# Pentium 4 CPU average temperature?



## Chip718 (Sep 14, 2004)

Hi. I am trying to find out what an average temperature for a Intel Pentium 4 Processor should be. According to Everest Pro My Motherboard (Intel Bonanza) 35°C (95°F) and the CPU 45 °C (113 °F), but when I encode video or run a scan my CPU goes to about 52°C (125°F) . I am not sure if this is normal or not. Any info will be appreciated?


----------



## superflysmith (Oct 15, 2004)

Those temps are acceptable for a pentium. Mine runs in the low 30's and with a load in the mid 40's but it is also very loud.


----------



## Volt-Schwibe (Jan 12, 2003)

i like temps around 45-55 myself.
(of course cooler is always better, but if it's 45-55, no worries)

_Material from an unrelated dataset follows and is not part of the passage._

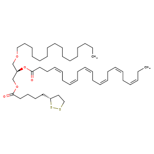 | 异名/同义词 | 1,2-DITHIOLANE-3-PENTANOIC ACID, (2R)-2-(((4Z,7Z,10Z,13Z,16Z,19Z)-1-OXO-4,7,10,13,16,19-DOCOSAHEXAEN-1-YL)OXY)-3-((1-OXOHEXADECYL)OXY)PROPYL ESTER, (3R)- 1,2-DITHIOLANE-3-PENTANOIC ACID, 3-(HEXADECYLOXY)-2-(((4Z,7Z,10Z,13Z,16Z,19Z)-1-OXO-4,7,10,13,16,19-DOCOSAHEXAEN-1-YL)OXY)PROPYL ESTER, (3R)- PPI-1011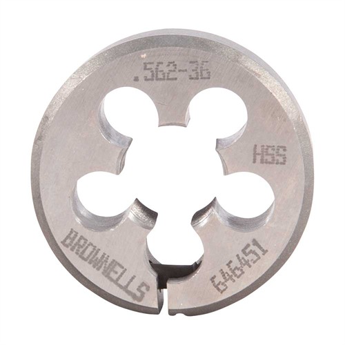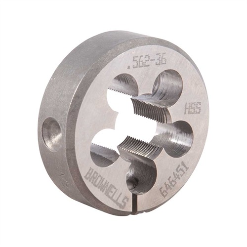 REVOLVER BARREL/FRAME DIES The Brownells Revolver Barrel/Frame Dies are precision tools designed for gunsmiths to accurately thread revolver barrels and frames, ensuring a secure and proper fit. Crafted from high-speed steel, these dies offer durability and maintain sharp threading capabilities over extended use. Key Features Material: High-speed steeL Compatibility: Specifically designed for Smith & Wesson® K Frame revolvers Application: Essential for rebarreling projects, whether installing factory replacements or custom barrels Threads: 5/40"-36 TPI Outside Diameter: 1" These dies are indispensable when rebarreling, as they ensure precise threading, maintaining the revolver's performance and safety standards. Incorporating the Brownells Revolver Barrel/Frame Dies into your gunsmithing toolkit provides the accuracy and reliability needed for professional-grade revolver maintenance and customization.

the p4 will clock down at a certain temp, so it's not a good idea to go above 65 or it may begin to throttle.


----------



## Tumbleweed36 (May 14, 2005)

Hi,

Without going into great detail, what you are seeing is normal temperatures. We usually see the at-rest temps from 35c to 42c, and under stress in the 50s centigrade range. I would be very concerned if your stress temp exceeded 63c, but your CPU is equipped to handle even above that. If it gets above that, you need to look at cooling applications to address the issue. Hope this helps.

Addendum: Again, I am the slowest typist of this group and I am still typing while super and walt post. Anyhow, we all said about the same thing in different terms. Have a great day.


----------



## Stu_computer (Jul 7, 2005)

You want to avoid reaching the maximum temperature, for Intel P4's it averages about 70ºC (lowest 63º, highest 78º, mobiles are higher). 

You can check your particular CPU maximum temperature at this site...

Processor Electrical Specifications


.


----------